Exercise objective> Once you find the line with "Umgee Full Size", output it and every line after it exactly, through the last line of the listing, but no pictures.

Stored data>
▼
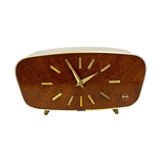Orologio da camino in noce impiallacciato di Weimar, anni '60, Germania Ovest, stile moderno di metà secolo
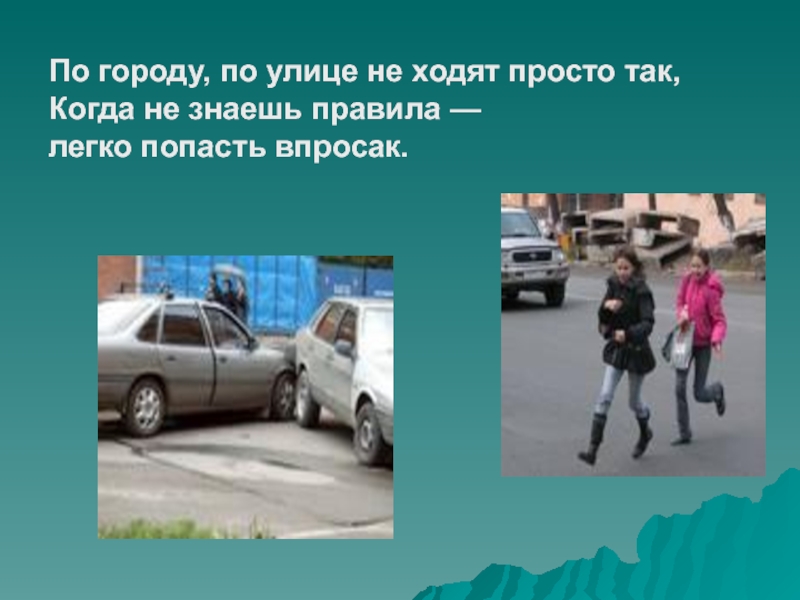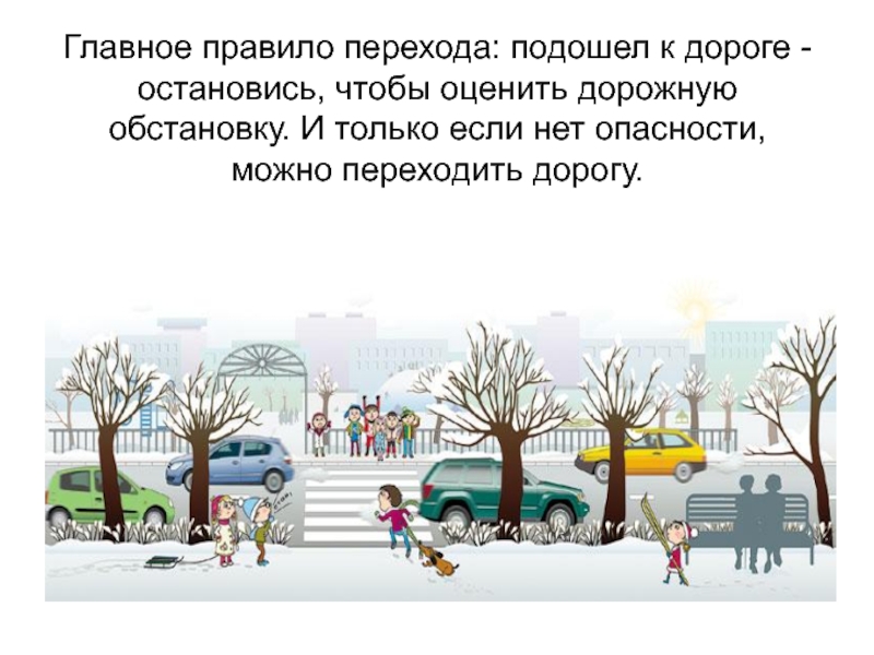 Слайд 27Главное правило перехода: подошел к дороге - остановись, чтобы оценить дорожную
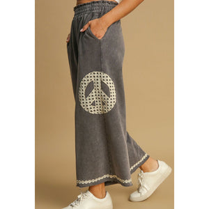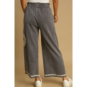 Umgee Full Size Peace Lace Applique Mineral Wash Wide Leg Pants Plus Size
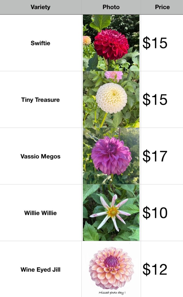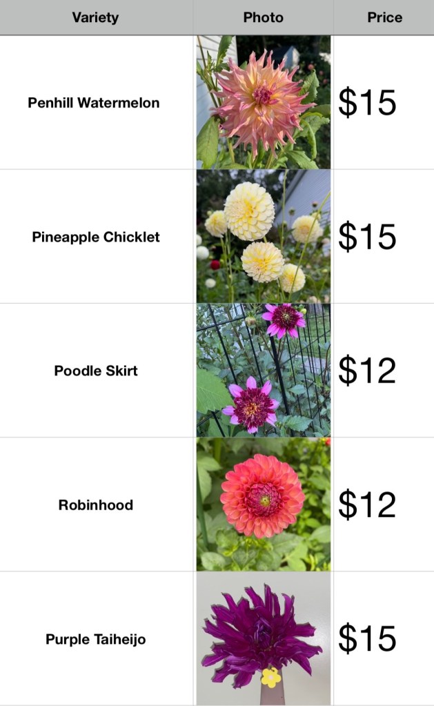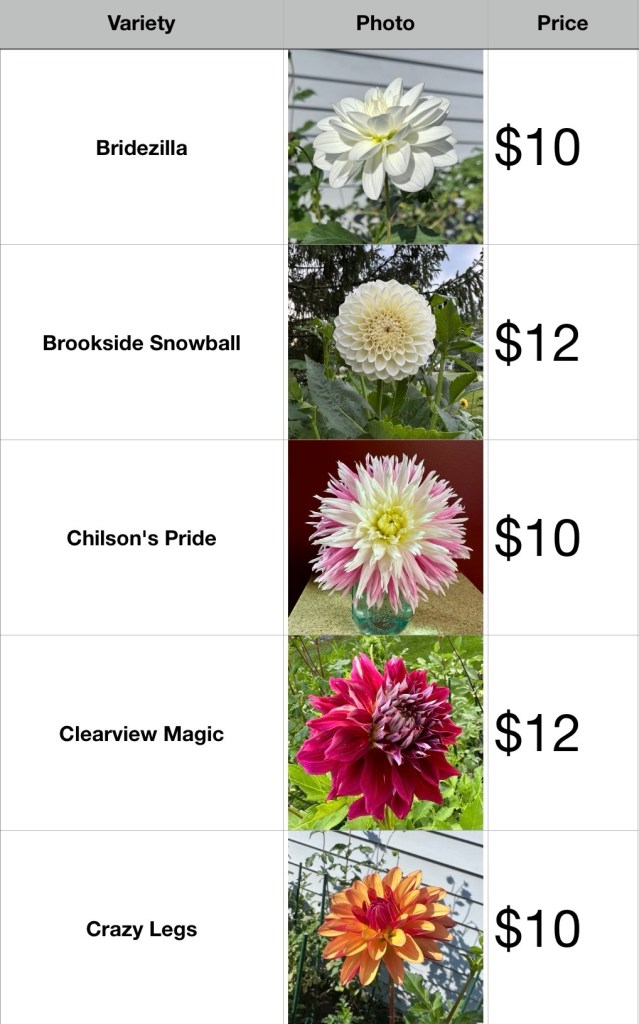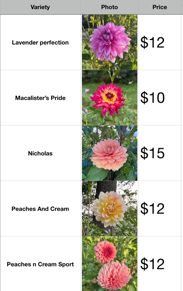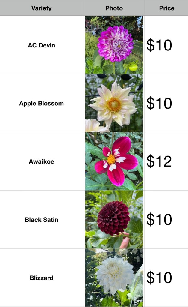 Please email us the dahlia tuber(s) you would like to purchase, and we will send you a link to purchase the tuber(s). $10 shipping will be added on the link of your purchase.
▲
Expected output>
 Umgee Full Size Peace Lace Applique Mineral Wash Wide Leg Pants Plus Size
 Please email us the dahlia tuber(s) you would like to purchase, and we will send you a link to purchase the tuber(s). $10 shipping will be added on the link of your purchase.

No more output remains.